Mercedes Sosa es una de las mejores voces del canto popular en la América hispana. Fue enterrada en el cementerio de Las Chacaritas, nombre de necrópolis íntimamente vinculado a mi infancia —y supongo que a la de muchos canarios— con mi abuelo Juan Aguiar. Éste, cuando ya en Gáldar, ya en Sardina, golpeaba con habilidad el impertinente cuerpo de una mosca zumbona que daba el coñazo, y mientras arrimaba su cadáver —«de cuerpo presente pero de corpore insepulto»-, añadía aquello de «¡Otra para Las Chacaritas!»

Si la lengua es el vínculo de unión entre pueblos, la coincidencia de cientos de términos entre aquellos países y Canarias es la más contundente prueba de que nuestras relaciones rompieron los esquemas puramente comerciales y se identificaron.

Y me baso en el rigor científico, en la solidez de una impresionante obra de investigación cual es el DEC (Diccionario ejemplificado de canarismos, de los doctores Corrales y Corbella), monumento que recoge en sus páginas —con minucioso aporte literario y periodístico— la amplísima variedad dialectal del español en Canarias. Yo, que dedico muchas horas a su lectura, me sorprendo ya no sólo de las casi dos mil doscientas páginas sino, también, de la amplísima bibliografía manejada (mil y tantas obras) que va desde artículos (del sublime Juanjo Jiménez en LA PROVINCIA / DLP, por ejemplo) hasta novelas, cuentos, poemas, relatos, ensayos, estudios sobre crustáceos, flora.

Don Alcalde, pues, con un muy preciso infinitivo (sí documentado en el DEC), le incrimina a la ex alcaldesa que «la memoria le flaquea y se dedica a bobiar», puesto que lo único que le preocupa son las facturas de los móviles usados por los señores concejales. A lo que la señora Luzardo le responde que «se deje de menos gracietas e insultos», sustantivo gracieta —por cierto— que no aparece en los diccionarios (DRAE, DEC), lo que confirma que la RAE y el Instituto de Estudios Canarios son instituciones imperfectas. Como consecuencia, el programa informático se empeña en cambiarme la palabra por Graciela o Gracita, gracioso él. ¡Señor, lo que son las cosas: la máquina engañándome a causa de la señora ex!

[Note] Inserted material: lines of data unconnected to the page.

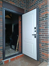 «Панцирь Термо» — спокойная классика, созданная для частного дома и уличной установки. Снаружи — темный, почти графитовый кессонный рисунок на прочной панели: выглядит солидно и не боится повседневных следов эксплуатации. Внутри — светлая МДФ-накладка с аккуратной фрезеровкой: чисто, современно, легко поддерживать порядок. Терморазрыв в конструкции разрывает мостики холода, поэтому ручка и откосы зимой не «плачут», а прихожая остается теплой. Двусторонняя стилистика решает сразу две задачи: фасаду — строгий характер, интерьеру — свет и визуальная легкость. Фурнитура в темном матовом исполнении на контрасте смотрится собранно и подчеркивает геометрию полотна. Надежное запирание и плотный контур уплотнения добавляют ощущение тишины и контроля каждый раз, когда дверь закрывается за вами.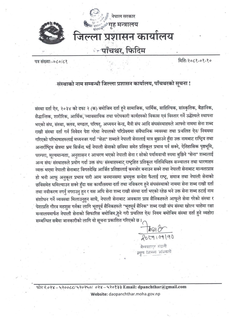 संस्थाको नाम सम्बन्धी जिल्ला प्रशासन कार्यालय, पाँचथरको सूचना !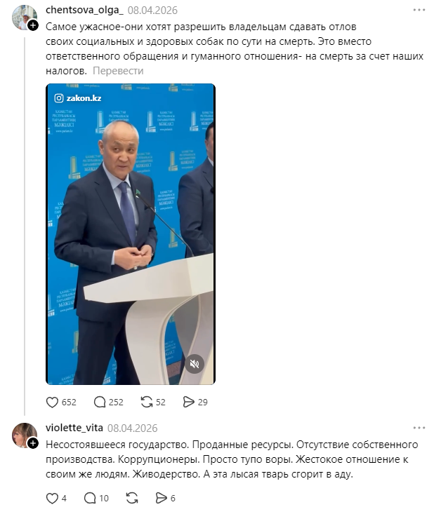 Қазнетте бұл жазбалар лезде тарап, жаппай наразылық толқынын тудырды. Желі қолданушылары әйелдің сөздеріне құқықтық баға беріп, оны ҚР Қылмыстық кодексінің 174-бабы («Ұлттық араздықты қоздыру») бойынша жауапқа тартуды сұрап, құқық қорғау органдарына үндеу тастауда.

Bobiar aparece en Pancho Guerra, en Millares e, incluso, en una reciente crónica desde Lanzarote. Además, para el DEC es 'decir o hacer boberías', aunque su segundo significado ('perseguir a la cabra emitiendo balidos característicos') nada tiene que ver con el tema que aquí se trata, deduzco, intuyo en un humanista caballero florentino como don Alcalde. No es su estilo, sin duda, porque su ingenioso sentido del humor me hace concluir que despierta palabras, aunque no desarretos del macho.

Por tanto, el término forma parte de la misma raíz que bobilín (también usado en Cuba), bobera, bobón, bobático. (Curiosa y llamativa variedad la del español escrito en Canarias y en América, en cuanto que no se conforma con una voz, sino que las variantes ocupan casi dos páginas del DEC.)

En Canarias, en fin, bobiar se usa para referirse a quien emplea y gasta el tiempo en cosas vanas e inútiles. Aunque, en este caso, ímprobos trabajos sherlockholmenos, intelectuales y deductivos empleó la señora denunciante para descubrir que los señores concejales gastan mucho en los móviles. Aunque para tales conclusiones —se leen en los recibos de Telefónica—, ¿no son más caros los sueldos anuales de la señora ex?